Second District, in Kim II, Reverses Denial of Fee to Settling Plaintiff Who Obtained Rescission and Restitution in a “Lemon Porsche” Case.
The nice thing about our blog is that many cases come back to illustrate fee recovery principles or give us a chance to elaborate on past posts. The next decision fits into both of these categories.

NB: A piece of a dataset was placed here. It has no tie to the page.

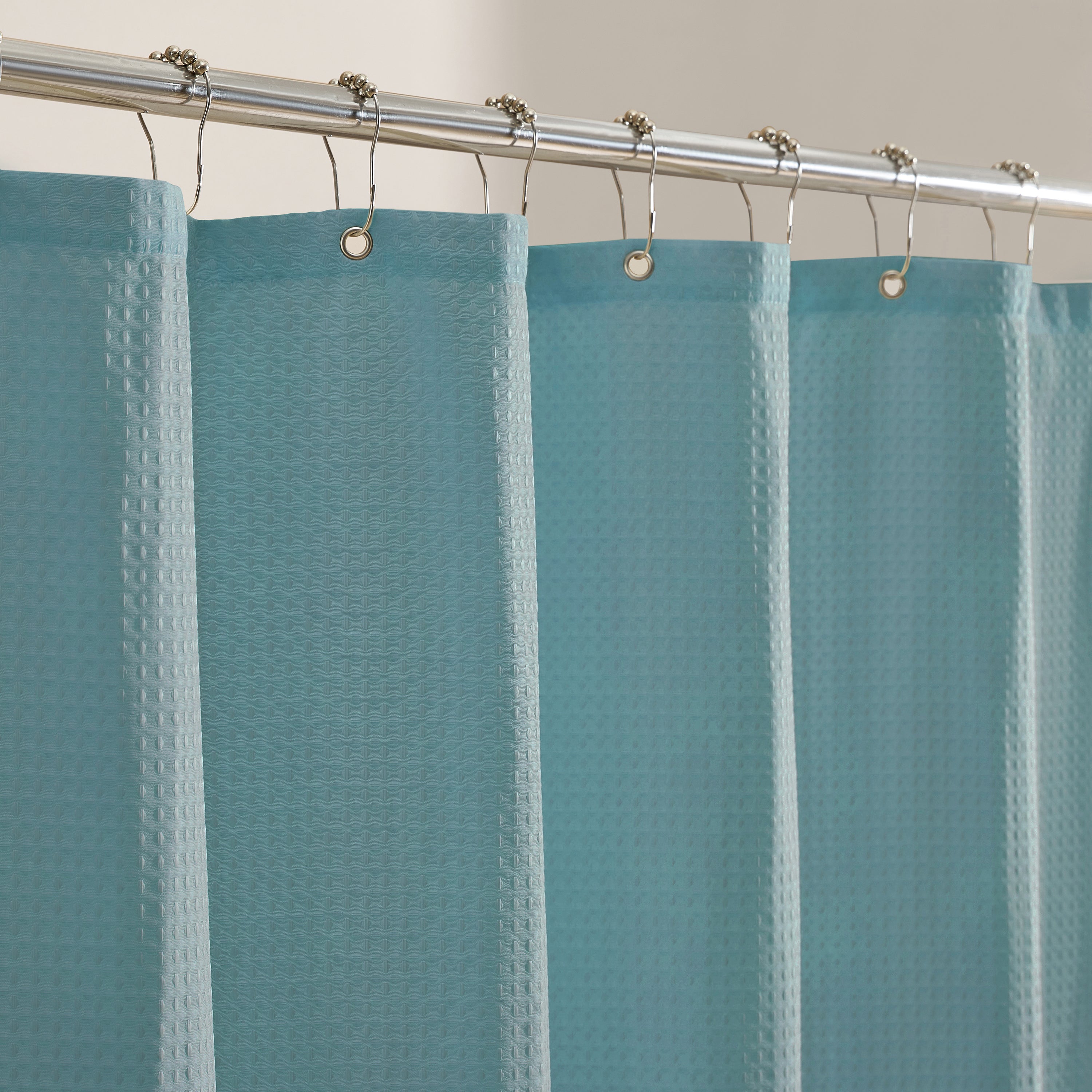 PREMIUM QUALITY: Beautiful honeycomb waffle weave pattern featuring 12 rust resistant buttonholes for easy hanging and long-lasting use. Thick and heavy polyester fabric (230GSM) keeps it in place while showering

California’s Consumer Legal Remedies Act (CLRA) has a mandatory fee-shifting provision requiring that fees be awarded to a “prevailing plaintiff” under CLRA (Civil Code) section 1780(d). “Prevailing plaintiff” is not defined in the statutory scheme, but we surveyed cases in our June 3, 2008 post that held it meant a litigant obtaining a “net monetary recovery” on a CLRA claim. One of the decisions so holding was Kim v. Euromotors West/The Auto Gallery, 149 Cal.App.4th 170 (2007) (Kim I). The Second District, Division Eight, in Kim I, reversed the lower court for its belief that a settlement of plaintiff’s claims—especially with a settlement agreement by which rescission was accomplished and money was paid back for a repair-weary Porsche, with an express reservation of an ability to seek fees under the CLRA—precluded a fee award. In remanding, the appellate panel designated three alternate ways that the plaintiff might be able to establish he was a prevailing plaintiff: (1) he obtained a “net monetary recovery” (by analogy to Code of Civil Procedure section 1032); (2) he achieved “most or all” of his litigation objectives; or (3) he achieved a combination of monetary recovery and litigation objectives. (Kim I, supra, 149 Cal.App.4th at 181 [phrasing its language in the disjunctive].)

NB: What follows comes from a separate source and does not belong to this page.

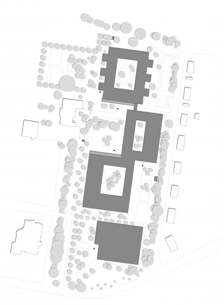 Wo bisher die Schülerinnen und Schüler des Gymnasiums auf dem Sportplatz zu Höchstleistungen angespornt wurden, entstanden drei Neubauten: Ein gemeinsamer Fachklassentrakt, die neu angesiedelte Gemeinschaftsschule und eine Sporthalle am Kopf des Grundstücks. Trotz der räumlichen Zusammenlegung bleibt die Eigenständigkeit beider Schulen durch eine konsequente funktionale Trennung erhalten. Dank lichtdurchfluteter Fach- und Klassenräume und multifunktionaler Erschließungszonen mit individuellem Mobiliar, werden hier nicht mehr ausschließlich sportliche Bestleistungen erbracht, sondern ebenso gestalterische oder mathematische. Es werden nicht nur Schulfeste in der großzügigen Halle der Gemeinschaftsschule stattfinden können oder Konzerte in der bestehenden Aula, sondern auch öffentliche Veranstaltungen der Stadt in der bis zu 1.000 Gäste fassenden Sporthalle. Das gesamte städtische Umfeld – vom Stadtpark bis zum Tennisplatz – erhält durch den Schulcampus neue Impulse!

On remand, the lower court yet again denied fee recovery to plaintiff. This time around, the rationale was different: plaintiff had dismissed nine of ten claims in the settlement agreement (each side bearing their respective fees and costs) and had only obtained rescission/restitution under the CLRA claim (reserving a fee recovery determination for judicial action later on). The trial court observed, “neither party achieved complete recovery on all claims and on balance neither party prevailed sufficiently to justify an award of attorney’s fees.” Kim appealed this adverse ruling.
That brings us to Kim v. Porsche Cars North America, Inc., Case No. B199777 (2d Dist., Div. 8 July 21, 2008) (unpublished) (Kim II). Although our title has given the result away, Kim obtained a reversal, with the appellate court directing the lower court to determine the amount of fees that Kim shall recover.
At the outset, Justice Rubin, writing for a 3-0 panel, acknowledged that fee awards are usually governed by the deferential abuse of discretion review standard. However, he noted an important nuance to this rule—“[f]ailure to follow applicable legal principles is properly considered an abuse of discretion,” citing Kim I, supra, 149 Cal.App.4th at 176-177.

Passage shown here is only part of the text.